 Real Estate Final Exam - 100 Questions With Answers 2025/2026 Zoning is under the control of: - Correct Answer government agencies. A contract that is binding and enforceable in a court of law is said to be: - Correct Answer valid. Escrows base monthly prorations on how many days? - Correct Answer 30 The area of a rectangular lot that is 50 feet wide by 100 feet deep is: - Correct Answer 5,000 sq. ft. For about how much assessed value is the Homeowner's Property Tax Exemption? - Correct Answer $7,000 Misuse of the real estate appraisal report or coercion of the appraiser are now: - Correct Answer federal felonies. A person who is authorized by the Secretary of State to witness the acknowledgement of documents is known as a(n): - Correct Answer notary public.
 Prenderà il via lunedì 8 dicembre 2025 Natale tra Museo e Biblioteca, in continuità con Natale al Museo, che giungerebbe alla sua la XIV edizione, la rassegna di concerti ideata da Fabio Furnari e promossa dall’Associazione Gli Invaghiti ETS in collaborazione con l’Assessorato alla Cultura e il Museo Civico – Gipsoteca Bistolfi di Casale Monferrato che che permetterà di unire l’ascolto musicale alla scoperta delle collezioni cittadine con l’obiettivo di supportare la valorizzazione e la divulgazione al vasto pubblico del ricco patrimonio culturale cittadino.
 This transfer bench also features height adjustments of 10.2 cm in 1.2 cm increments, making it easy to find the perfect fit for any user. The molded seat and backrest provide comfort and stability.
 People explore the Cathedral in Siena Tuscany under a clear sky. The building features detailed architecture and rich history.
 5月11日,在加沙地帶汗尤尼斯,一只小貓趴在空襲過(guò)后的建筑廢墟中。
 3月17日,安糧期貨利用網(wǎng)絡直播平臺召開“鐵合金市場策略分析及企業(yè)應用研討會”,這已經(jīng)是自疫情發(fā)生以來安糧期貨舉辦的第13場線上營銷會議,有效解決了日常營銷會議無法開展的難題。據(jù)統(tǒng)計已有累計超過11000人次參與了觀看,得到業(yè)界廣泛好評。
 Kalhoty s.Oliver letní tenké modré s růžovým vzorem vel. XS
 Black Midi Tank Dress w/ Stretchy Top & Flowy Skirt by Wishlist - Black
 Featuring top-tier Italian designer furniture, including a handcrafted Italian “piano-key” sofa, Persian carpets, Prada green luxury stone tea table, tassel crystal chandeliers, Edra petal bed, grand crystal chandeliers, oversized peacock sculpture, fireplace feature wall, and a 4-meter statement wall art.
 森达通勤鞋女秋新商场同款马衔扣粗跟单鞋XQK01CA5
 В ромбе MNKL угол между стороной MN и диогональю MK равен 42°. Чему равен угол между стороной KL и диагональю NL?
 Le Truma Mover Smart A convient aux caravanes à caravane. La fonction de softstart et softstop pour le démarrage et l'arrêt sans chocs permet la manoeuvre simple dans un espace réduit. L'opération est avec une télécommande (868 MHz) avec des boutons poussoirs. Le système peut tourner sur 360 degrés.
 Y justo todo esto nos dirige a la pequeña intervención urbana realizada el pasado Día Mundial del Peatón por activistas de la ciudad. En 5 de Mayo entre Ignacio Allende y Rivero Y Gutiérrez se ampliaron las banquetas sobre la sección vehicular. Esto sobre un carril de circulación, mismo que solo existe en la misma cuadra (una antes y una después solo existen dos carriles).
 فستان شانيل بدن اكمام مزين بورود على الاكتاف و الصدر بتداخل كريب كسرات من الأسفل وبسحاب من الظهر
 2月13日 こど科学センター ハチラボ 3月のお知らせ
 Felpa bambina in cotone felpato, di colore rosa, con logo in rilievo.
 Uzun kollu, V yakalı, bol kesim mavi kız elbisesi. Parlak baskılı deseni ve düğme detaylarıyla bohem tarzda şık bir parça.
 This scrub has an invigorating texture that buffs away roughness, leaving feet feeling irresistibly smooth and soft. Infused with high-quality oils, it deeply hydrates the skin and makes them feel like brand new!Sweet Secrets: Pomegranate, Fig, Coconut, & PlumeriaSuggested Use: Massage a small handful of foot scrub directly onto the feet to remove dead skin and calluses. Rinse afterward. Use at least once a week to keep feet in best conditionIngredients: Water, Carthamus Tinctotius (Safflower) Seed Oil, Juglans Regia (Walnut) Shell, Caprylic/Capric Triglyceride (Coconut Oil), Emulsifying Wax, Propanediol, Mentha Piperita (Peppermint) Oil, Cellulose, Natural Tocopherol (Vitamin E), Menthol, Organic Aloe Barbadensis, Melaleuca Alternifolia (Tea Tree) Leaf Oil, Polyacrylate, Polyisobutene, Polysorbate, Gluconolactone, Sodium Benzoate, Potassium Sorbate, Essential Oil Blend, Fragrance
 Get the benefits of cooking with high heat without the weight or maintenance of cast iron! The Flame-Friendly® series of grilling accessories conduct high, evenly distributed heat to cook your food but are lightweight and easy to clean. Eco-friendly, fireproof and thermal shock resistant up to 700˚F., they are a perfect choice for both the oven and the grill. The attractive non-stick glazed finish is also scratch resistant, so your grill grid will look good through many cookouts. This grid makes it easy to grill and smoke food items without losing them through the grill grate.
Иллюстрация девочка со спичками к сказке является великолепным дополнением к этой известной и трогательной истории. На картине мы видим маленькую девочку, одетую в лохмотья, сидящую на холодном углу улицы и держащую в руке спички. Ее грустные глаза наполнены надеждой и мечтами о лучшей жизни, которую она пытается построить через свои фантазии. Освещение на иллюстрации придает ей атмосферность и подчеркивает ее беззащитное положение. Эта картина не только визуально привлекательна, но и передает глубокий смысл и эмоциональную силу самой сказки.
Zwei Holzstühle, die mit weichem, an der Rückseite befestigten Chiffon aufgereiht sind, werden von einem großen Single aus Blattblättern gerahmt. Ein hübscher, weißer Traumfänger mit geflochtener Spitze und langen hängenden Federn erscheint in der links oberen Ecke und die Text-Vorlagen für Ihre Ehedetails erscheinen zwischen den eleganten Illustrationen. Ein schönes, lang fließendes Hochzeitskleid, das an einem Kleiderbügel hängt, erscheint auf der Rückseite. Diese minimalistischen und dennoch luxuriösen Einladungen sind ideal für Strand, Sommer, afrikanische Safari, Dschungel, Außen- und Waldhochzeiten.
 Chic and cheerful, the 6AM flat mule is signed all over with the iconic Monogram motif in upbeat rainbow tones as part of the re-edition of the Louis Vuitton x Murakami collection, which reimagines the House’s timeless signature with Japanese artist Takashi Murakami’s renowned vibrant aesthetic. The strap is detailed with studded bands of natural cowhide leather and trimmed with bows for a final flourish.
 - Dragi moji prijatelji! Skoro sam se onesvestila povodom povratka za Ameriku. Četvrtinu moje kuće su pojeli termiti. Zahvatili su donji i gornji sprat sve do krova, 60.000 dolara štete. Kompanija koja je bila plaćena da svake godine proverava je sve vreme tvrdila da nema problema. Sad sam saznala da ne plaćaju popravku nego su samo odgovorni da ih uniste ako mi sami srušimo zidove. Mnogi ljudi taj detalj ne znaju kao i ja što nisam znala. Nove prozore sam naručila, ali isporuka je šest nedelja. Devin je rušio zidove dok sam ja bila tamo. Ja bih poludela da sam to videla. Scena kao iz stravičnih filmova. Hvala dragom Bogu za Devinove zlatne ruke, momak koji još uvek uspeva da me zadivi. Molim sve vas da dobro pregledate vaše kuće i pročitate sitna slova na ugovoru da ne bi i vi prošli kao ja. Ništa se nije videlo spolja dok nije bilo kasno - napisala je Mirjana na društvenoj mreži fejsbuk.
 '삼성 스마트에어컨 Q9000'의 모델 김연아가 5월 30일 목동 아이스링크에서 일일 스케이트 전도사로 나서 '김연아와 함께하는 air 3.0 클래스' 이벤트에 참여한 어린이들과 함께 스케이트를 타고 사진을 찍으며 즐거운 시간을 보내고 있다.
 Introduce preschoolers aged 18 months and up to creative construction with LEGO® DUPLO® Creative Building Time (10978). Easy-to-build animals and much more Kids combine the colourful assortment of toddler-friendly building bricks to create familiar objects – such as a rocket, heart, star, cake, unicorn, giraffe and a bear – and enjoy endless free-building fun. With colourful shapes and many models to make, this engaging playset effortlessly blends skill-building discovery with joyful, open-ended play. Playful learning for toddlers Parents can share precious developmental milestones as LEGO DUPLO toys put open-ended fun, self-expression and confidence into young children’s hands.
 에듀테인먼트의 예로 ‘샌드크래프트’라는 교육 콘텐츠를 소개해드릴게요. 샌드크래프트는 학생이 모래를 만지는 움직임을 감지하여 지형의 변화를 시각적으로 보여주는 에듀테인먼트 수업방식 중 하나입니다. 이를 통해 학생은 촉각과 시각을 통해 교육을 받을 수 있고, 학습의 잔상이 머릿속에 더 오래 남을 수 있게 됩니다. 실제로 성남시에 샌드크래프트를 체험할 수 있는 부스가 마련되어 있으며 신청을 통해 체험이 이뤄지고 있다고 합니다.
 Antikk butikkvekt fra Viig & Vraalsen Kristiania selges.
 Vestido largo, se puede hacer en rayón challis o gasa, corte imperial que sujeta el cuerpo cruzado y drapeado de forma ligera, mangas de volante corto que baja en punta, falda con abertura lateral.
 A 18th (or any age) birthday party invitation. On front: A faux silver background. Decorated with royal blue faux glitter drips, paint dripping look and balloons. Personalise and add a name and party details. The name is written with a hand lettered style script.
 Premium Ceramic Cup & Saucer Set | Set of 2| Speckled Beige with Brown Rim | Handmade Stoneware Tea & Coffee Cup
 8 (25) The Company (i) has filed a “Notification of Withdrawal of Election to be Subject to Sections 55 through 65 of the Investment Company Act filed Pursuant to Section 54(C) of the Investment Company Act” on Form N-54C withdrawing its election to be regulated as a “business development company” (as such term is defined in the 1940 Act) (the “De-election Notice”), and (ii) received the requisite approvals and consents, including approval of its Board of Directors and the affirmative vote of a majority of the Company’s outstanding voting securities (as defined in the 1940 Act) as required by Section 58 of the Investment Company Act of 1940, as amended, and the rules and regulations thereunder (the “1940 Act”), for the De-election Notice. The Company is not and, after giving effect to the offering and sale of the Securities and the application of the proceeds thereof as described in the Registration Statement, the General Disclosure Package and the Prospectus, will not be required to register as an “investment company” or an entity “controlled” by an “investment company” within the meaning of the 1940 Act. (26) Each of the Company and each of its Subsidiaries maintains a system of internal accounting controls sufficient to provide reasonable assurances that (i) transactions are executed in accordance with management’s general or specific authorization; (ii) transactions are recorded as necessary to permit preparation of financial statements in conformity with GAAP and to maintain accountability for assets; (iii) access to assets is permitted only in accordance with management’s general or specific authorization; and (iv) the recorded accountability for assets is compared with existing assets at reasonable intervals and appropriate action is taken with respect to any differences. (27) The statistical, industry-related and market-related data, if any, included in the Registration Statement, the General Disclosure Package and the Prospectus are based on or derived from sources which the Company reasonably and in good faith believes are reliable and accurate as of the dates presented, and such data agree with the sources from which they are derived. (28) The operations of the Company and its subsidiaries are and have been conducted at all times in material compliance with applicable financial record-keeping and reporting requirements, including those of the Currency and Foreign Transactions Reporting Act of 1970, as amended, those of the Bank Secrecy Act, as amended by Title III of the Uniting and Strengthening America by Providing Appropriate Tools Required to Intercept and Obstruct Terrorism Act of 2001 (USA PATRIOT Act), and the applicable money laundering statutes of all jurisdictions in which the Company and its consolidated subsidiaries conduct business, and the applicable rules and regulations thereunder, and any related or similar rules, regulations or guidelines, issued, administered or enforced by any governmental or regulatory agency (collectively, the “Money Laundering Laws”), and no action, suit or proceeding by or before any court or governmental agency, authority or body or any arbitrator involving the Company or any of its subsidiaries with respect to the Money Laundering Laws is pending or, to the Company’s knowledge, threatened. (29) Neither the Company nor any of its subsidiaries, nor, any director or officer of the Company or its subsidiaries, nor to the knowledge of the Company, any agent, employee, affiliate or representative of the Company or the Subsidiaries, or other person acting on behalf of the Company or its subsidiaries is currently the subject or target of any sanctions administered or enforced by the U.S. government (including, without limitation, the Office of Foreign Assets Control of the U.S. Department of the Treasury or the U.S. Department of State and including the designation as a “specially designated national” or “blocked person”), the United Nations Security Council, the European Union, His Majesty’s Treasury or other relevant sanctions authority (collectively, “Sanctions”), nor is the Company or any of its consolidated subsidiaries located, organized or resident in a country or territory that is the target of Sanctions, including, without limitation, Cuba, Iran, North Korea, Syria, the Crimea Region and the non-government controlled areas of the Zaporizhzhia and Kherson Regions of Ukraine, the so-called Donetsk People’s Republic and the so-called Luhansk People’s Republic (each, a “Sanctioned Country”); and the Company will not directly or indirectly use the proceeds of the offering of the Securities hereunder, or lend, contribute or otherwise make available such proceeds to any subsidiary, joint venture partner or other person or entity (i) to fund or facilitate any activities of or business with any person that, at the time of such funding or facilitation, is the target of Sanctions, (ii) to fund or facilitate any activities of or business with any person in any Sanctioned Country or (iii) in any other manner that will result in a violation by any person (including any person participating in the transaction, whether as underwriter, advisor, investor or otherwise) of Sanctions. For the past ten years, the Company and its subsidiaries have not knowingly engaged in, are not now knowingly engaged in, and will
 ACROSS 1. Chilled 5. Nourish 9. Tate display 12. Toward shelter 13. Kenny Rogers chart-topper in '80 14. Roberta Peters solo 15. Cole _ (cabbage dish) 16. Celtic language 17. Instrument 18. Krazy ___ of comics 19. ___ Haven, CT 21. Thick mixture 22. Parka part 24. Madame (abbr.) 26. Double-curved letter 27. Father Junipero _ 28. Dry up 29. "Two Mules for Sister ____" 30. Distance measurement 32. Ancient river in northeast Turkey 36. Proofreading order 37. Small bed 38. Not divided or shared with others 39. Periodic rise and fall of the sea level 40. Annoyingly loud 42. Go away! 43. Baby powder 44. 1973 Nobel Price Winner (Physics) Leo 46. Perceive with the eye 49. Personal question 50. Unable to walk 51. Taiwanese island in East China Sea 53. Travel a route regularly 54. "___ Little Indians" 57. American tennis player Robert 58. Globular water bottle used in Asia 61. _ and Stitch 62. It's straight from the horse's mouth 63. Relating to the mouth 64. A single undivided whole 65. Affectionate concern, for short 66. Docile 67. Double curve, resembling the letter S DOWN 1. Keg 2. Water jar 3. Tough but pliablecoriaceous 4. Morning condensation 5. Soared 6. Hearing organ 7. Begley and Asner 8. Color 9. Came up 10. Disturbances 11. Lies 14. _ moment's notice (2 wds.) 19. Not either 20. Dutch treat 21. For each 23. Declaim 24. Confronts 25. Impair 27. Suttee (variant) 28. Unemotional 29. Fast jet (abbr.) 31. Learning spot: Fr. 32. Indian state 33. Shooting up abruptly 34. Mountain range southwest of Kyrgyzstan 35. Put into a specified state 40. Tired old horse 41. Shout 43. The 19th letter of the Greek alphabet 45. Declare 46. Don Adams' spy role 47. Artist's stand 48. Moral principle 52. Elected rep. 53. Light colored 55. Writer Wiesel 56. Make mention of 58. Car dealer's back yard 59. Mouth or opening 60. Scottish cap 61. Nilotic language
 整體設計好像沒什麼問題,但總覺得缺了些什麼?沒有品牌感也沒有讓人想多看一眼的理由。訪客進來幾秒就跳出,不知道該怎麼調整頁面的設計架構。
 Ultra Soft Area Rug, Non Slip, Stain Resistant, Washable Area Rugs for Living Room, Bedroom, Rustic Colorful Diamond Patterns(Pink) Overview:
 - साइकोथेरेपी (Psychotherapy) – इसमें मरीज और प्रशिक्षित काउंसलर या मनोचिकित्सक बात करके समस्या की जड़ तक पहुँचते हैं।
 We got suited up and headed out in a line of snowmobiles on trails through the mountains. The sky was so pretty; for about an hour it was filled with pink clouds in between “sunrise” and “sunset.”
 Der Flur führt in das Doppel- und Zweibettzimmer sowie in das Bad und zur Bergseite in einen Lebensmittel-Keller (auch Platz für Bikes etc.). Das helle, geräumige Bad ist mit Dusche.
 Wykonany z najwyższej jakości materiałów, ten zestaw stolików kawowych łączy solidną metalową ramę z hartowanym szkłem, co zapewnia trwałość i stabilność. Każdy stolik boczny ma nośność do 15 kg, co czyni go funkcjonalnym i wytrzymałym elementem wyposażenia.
........
• What you have to do: Among the records above, repeat exactly the line with "3月17日,安糧期貨利用網(wǎng)絡", the line with "Le Truma Mover", and every line in between, and only those.

• Answer box:
 3月17日,安糧期貨利用網(wǎng)絡直播平臺召開“鐵合金市場策略分析及企業(yè)應用研討會”,這已經(jīng)是自疫情發(fā)生以來安糧期貨舉辦的第13場線上營銷會議,有效解決了日常營銷會議無法開展的難題。據(jù)統(tǒng)計已有累計超過11000人次參與了觀看,得到業(yè)界廣泛好評。
 Kalhoty s.Oliver letní tenké modré s růžovým vzorem vel. XS
 Black Midi Tank Dress w/ Stretchy Top & Flowy Skirt by Wishlist - Black
 Featuring top-tier Italian designer furniture, including a handcrafted Italian “piano-key” sofa, Persian carpets, Prada green luxury stone tea table, tassel crystal chandeliers, Edra petal bed, grand crystal chandeliers, oversized peacock sculpture, fireplace feature wall, and a 4-meter statement wall art.
 森达通勤鞋女秋新商场同款马衔扣粗跟单鞋XQK01CA5
 В ромбе MNKL угол между стороной MN и диогональю MK равен 42°. Чему равен угол между стороной KL и диагональю NL?
 Le Truma Mover Smart A convient aux caravanes à caravane. La fonction de softstart et softstop pour le démarrage et l'arrêt sans chocs permet la manoeuvre simple dans un espace réduit. L'opération est avec une télécommande (868 MHz) avec des boutons poussoirs. Le système peut tourner sur 360 degrés.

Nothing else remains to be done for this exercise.